Я замер. Сам себя возненавидел.
Я рукописи жёг. Я рвал листы,
Бросал в огонь, и корчились страницы.
Исписаны, исчерчены, густы
Горели дни, воспоминанья, лица.
Я в пепле, Господи, стою перед Тобой.
Я серым стал, от пяток до макушки…
Стою, седой поникнув головой,
Как нищий возле старенькой церквушки…
Не чёрный ворон я, а слабый птах.
Готов я мёрзнуть, погибать от зноя…
Позволь, позволь летать в Твоих садах
Перед Твоей Небесной Белизною…
Мне иногда безразлично,
Что после меня останется.
Ну, кипа бумажек личных,
Да рукопись – бесприданница.
Таланты над головами
Восходят, сверкают, гаснут.
И – забываются нами,
Влюблёнными в новые сказки.
Честнее, труднее, правдивей
Слушать Бога и сердце.
В итоге, толпе на диво,
Не сгинуть, не затереться,
Душу не измурыжив,
Радости чистой дождаться.
И, умирая, выжить.
И от стихов отвязаться.
Торопимся дела доделать.
А их не убывает груда.
Почти не слушается тело,
И слышен зов из Неотсюда.
Спешим, стихи собрав, издаться,
Бумаги разобрать по папкам,
Архив подшить, в шкафах прибраться,
И даже приготовить тапки…
А всё – пустое, прах и пепел.
Успеть простить бы, примириться.
И будет наш отрезок светел.
И, может быть, ещё продлится.
Говорят, мы устали, и много нам лет.
Горсть таблеток на завтрак, и две на обед.

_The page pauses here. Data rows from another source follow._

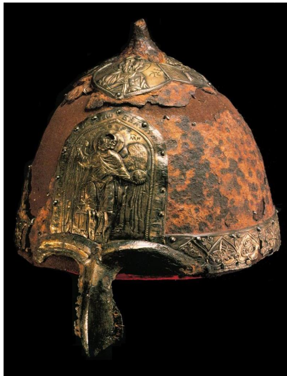
Slika 7: Vojna kaciga Jaroslava II Vsevolodoviča u muzeju moskovskog Kremlja

se koristili u izradi od drvenih štitova, pa sve do brodova. 51 Evolucija rus'kog oružja pod utjecajem Bizanta prati se pred sam kraj 10. stoljeća, kada rus'ko naoružanje postaje naprednije. Tada se rus'ko oružje sastojalo od srebrnih ili u rijetkim slučajevima zlatnih kaciga, srebrnih oklopa, željeznih kopalja i sablji. Konjica je također evoluirala pod utjecajem stepskih naroda i Bizanta koji su bili opremljeni teškim oklopom i velikim kopljima, a također su počeli koristiti i taktike kojima se služila bizantska elitna konjica. Glavni utjecaj Kazara i Madžara u konjici može se vidjeti u njihovoj upotrebi luka i strijele na konjima što je iziskivalo veliki napor i sposobnost. 52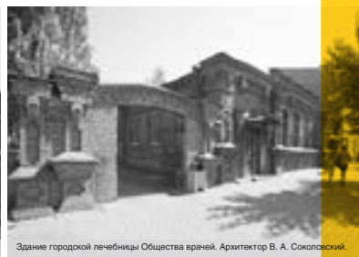
Здание городской лечебницы Общества врачей. Архитектор В. А. Соколовский.

20 апреля в Государственном научно-исследовательском музее архитектуры им. А. В. Щусева (МУАР) в Москве открылась выставка об архитектуре и истории Красноярска. Выставка «Провинция. Архитектура Красноярска конца XIX – начала XX столетия» – это уникальная возможность познакомиться москвичей и гостей столицы с архитектурой замечательного сибирского города.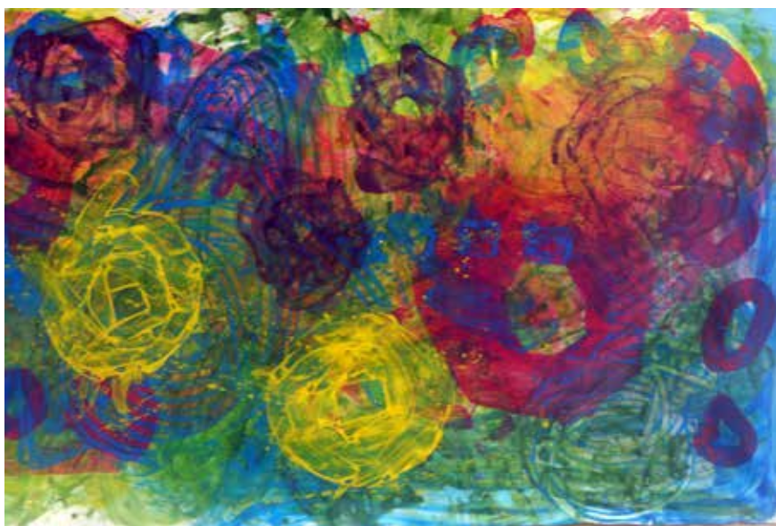
Titulo: Materia flotante pi. Técnica: Acrílico sobre lienzo. Medidas: 80x60cm. Año: 2009.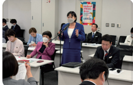
会派法務・子ども部門合同会議で連合から共同親権問題についてヒアリング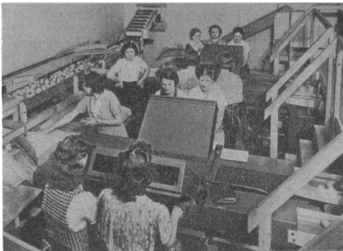
Röntgenstrahlen im Dienste der Lebensmittelprüfung. Kalifornische Orangen werden vor der Verarbeitung auf dem Laufband durchleuchtet und nicht einwandfreie Früchte ausgeschieden.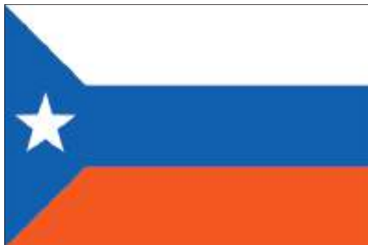
Флаг Ганане (2012)

Власть Азании на территории Сомали опиралась на поддержку кенийских войск, вошедших в Сомали в октябре 2011 года. Вскоре это квазигосударство распалось в результате конфликта между президентом Ганди, которого поддерживала Кения, и местными боевиками во главе с Мадобе, связанными с «кланом» огаден и Фронтом национального освобождения Огадена (в Эфиопии) 9 . Затем Мадобе перешел под покровительство эфиопского правительства, а Ганди был назначен послом Сомали в Канаде. 28 августа 2013 года в Аддис-Абебе было подписано соглашение о признании нового штата Джубаленд в составе Федеративной Республики Сомали. Это соглашение было заключено между федеральным правительством Сомали и временной администрацией Джубаленда, которую возглавлял президент Мадобе.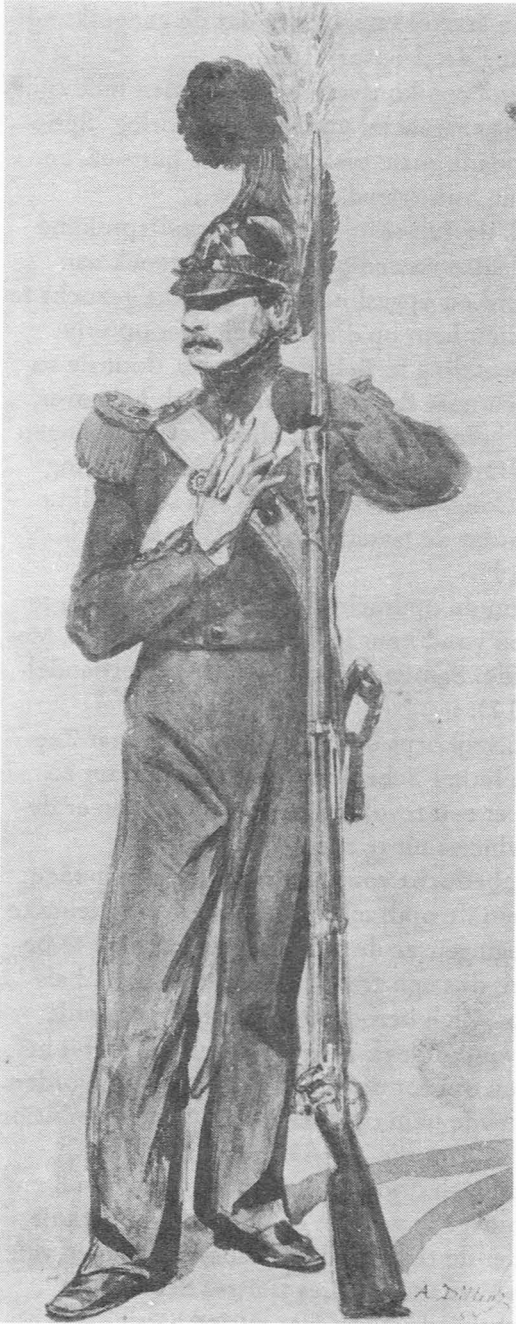
Gentse Pompiers : Infanterist.

gaan. Bij de schermutseling die hierop volgde brak Grégoire de pols van de officier en nam de vlucht met de degen van deze laatste. Nogmaals onder aanhoudingsmandaat geplaatst kon hij terug naar België uitwijken.

Голова поседела, читать тяжело -
Видно, надо в очках посильнее стекло.
Что сказали вы? Ась?.. И походка слаба…
Отступаем, сдаёмся. Короче – труба.
Но слабеющим слухом мы слышим порой
Шелест крыльев – проносится ангелов рой…
Слеповатые, видим на лицах следы
Ран душевных, и линии прошлой беды.
Ослабевшие, можем мы руку подать…
И уже не людского страшимся суда.
Солнце радует нас, не печалит луна.
Получается, старость – открытий полна.
Пережитого кадры – немое кино…
Объясняется смысл, обнажается дно…
Чемоданы обид и оплошностей кладь
Разобрать бы успеть… То, что занял – отдать…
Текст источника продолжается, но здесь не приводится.